IOWA CITY, Iowa (AP) — After losing four senior starters, Iowa is in the midst of a major rebuild this season. The recent performances of its freshmen suggest that those efforts might not take very long.
IOWA CITY, Iowa (AP) — After losing four senior starters, Iowa is in the midst of a major rebuild this season.
The recent performances of its freshmen suggest that those efforts might not take very long.
The Hawkeyes (5-5) have had serious struggles so far, most notably losing to Nebraska-Omaha at home. But that adversity has revealed reasons for optimism, because their freshmen have shown serious promise so far.
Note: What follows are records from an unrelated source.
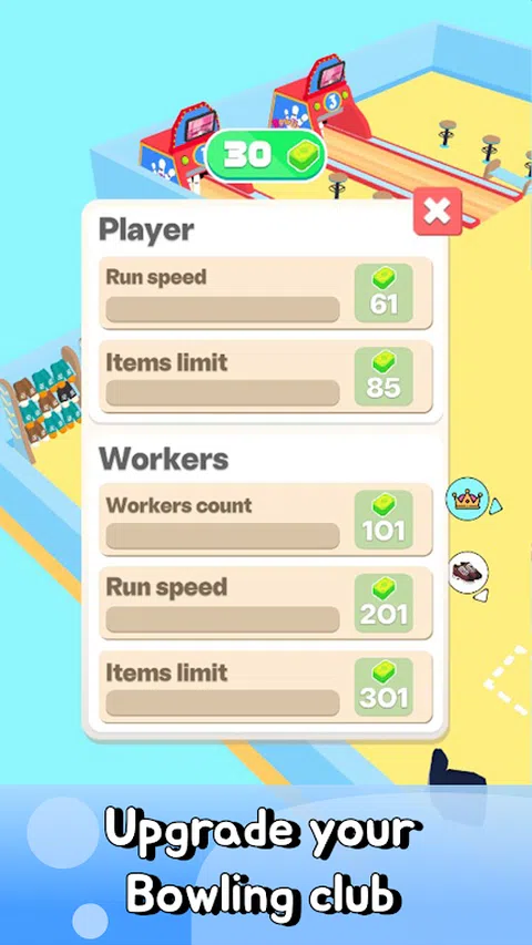 ? 在我们的保龄球宇宙游戏中开始您的第一个业务。发展保龄球俱乐部并购买所需的一切。为游客提供鞋子、气球甚至咖啡。 成为第一个举办锦标赛的保龄球俱乐部。参加保龄球锦标赛,在所有尝试中击倒一个好球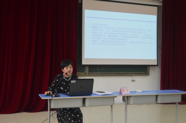 培训中,学生资助管理中心刘丽从生源地信用助学贷款的办理、国家奖助学金的申请与评定和不诚信的严重后果等几个方面,对2017届生源地贷款毕业生诚信教育暨还款知识、学院资助工作业务等内容进行了说明。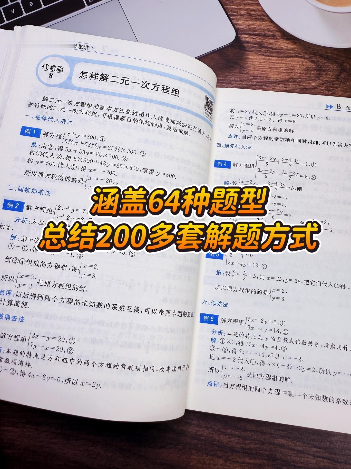 原来这就是学霸秘籍呀❗❗❗。初中数学 不管怎么变,也就这64种解题方法,掌握了做题就会又快又准,这本初中数学解题关键思维 都给你梳理好了,比如解二元一次方程的6种方法,二次函数解析式的3种方法以及三角形几何证明的7种方法等,非常全面!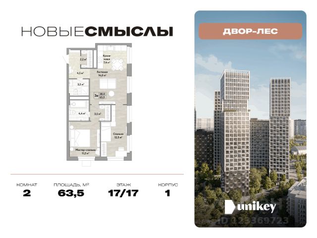 В жилом комплексе, расположенном по соседству с ландшафтным парком "Южное Бутово", продается 1-комнатная квартира площадью 37.70 кв. м. с отделкой. Квартира расположена на 4 этаже 2 корпуса в жилом квартале комфорт-класса "Новые Смыслы" (ГК Unikey/Юникей). Доступная и удобная локация: - 10 минут ходьбы до станции метро "Потапово". - 25 минут ходьбы до станции метро "Бунинская аллея". - 15 минут на авто до Калужского шоссе. - 20 минут на авто до МКАД. - 30 минут на машине до аэропортов "Внуково" и "Остафьево". Продуманный архитектурный проект: - Разноуровневые секции с эстетичные башнями и контрастными цветовыми сочетаниями, напоминающими башни в Сити. - Сказочные виды из окон на современный район столицы. - Авторские планировки с потолками в 3 метра, просторными кухнями-гостиными и мастер-спальнями. - Комфортные бесплатные общественные пространства. - Подземный паркинг с прямым доступом на лифте. - Настоящий лес с живописными пейзажами и прудом прямо во дворе. Расположение Комплекс "Новые Смыслы" расположится в благоприятном районе Новой Москвы - Коммунарка. Зеленое окружение, богатая инфраструктура развивающегося района - все это сформирует особое пространство для комфортной жизни, наполненной смыслом. 10 минут на велосипеде - и вы в ландшафтном парке "Южное Бутово" или сквере у Потаповских прудов. Чуть дальше расположен Бутовский лесопарк. В окружении "Новых Смыслов" вы найдете все необходимые социальные объекты. В двух шагах от дома находится 5 школ, более десятка детских садов, секции для занятий малышей и подростков, частные клиники, супермаркеты, рестораны, студии красоты и фитнес-центры. За 12 минут на авто вы доберетесь до ледовой арены, комплекса "Спорт Станция" и спа-центра "Termoland". Внутренняя инфраструктура Для жителей "Новых Смыслов" будут созданы бесплатные общественные пространства: - Деловая гостиная с эстетичным коворкингом и переговорными. - Гостиная для души и тела, включающая фитнес-зону с тренажерами и пространства для стретчинга, йоги и медитаций. - Гостиная детства, где дети будут играть и развиваться под присмотром тьютора. - Кино-гостиная - кинотеатр на крыше одного из домов, предлагающий разнообразную программу. - Прачечная, работающая только для жильцов. Вместе с корпусами комплекса на территории запланировано строительство детского сада. На первых этажах корпусов откроются кофейни, пекарни, сервисы быта и пункты доставки. Благоустройство Чтобы отдохнуть от суеты города, достаточно выйти во двор: здесь раскинулся настоящий лес с живописными пейзажами. В тени деревьев жителей ждут пруд с мостиком и беседкой на берегу, тихие прогулочные аллеи, спортивная площадка и зоны для занятий йогой и бадминтоном на свежем воздухе. Юных жителей порадуют современные детские площадки, жукарий и специальное пространство для подвижных игр. Безопасность на территории гарантирована: двор огорожен от машин и оснащен камерами видеонаблюдения.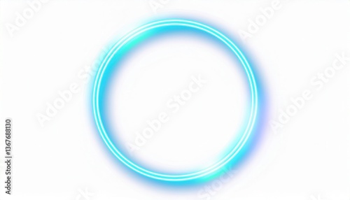 glowing blue neon energy ring with soft light aura on white background, futuristic portal frame, sci-fi loop element for digital art, backgrounds, UI design, or cyber themed projects

Newcomers Cordell Pemsl, Isaiah Moss, Jordan Bohannon and Tyler Cook have all become major contributors. Pemsl, Moss and Bohannon started in last week's upset of then-No. 25 Iowa State, and Cook (13.7 points, 5.3 rebounds per game) was a starter before a broken right finger set him back.
Iowa plays Northern Iowa (5-4) on Saturday as part of an annual doubleheader in Des Moines.
"Getting them to understand how to prepare and how to work and how to put it together (is the challenge) because from the very beginning they've been really good most of the time," Iowa coach Fran McCaffery said.
The Hawkeyes were concerned about their interior play after center Adam Woodbury's graduation. The 6-foot-8 Pemsl looks like he might be able to fix that problem.
Pemsl was somewhat overlooked during the recruiting process because of shoulder and knee injuries. But he still led Dubuque (Wahlert) Iowa in scoring and rebounding in all four of his high school seasons — and he's put up some impressive stats in his collegiate debut.
Pemsl is one of just seven Division I players in the last 20 years to hit at least 75 percent of his shots in his first 10 games, which McCaffery said is a product of advanced shot selection. Pemsl (42 of 56 shooting) also averaging 17 points a game since taking the injured Cook's spot in the starting lineup, with 4.9 rebounds and roughly a block a game as well.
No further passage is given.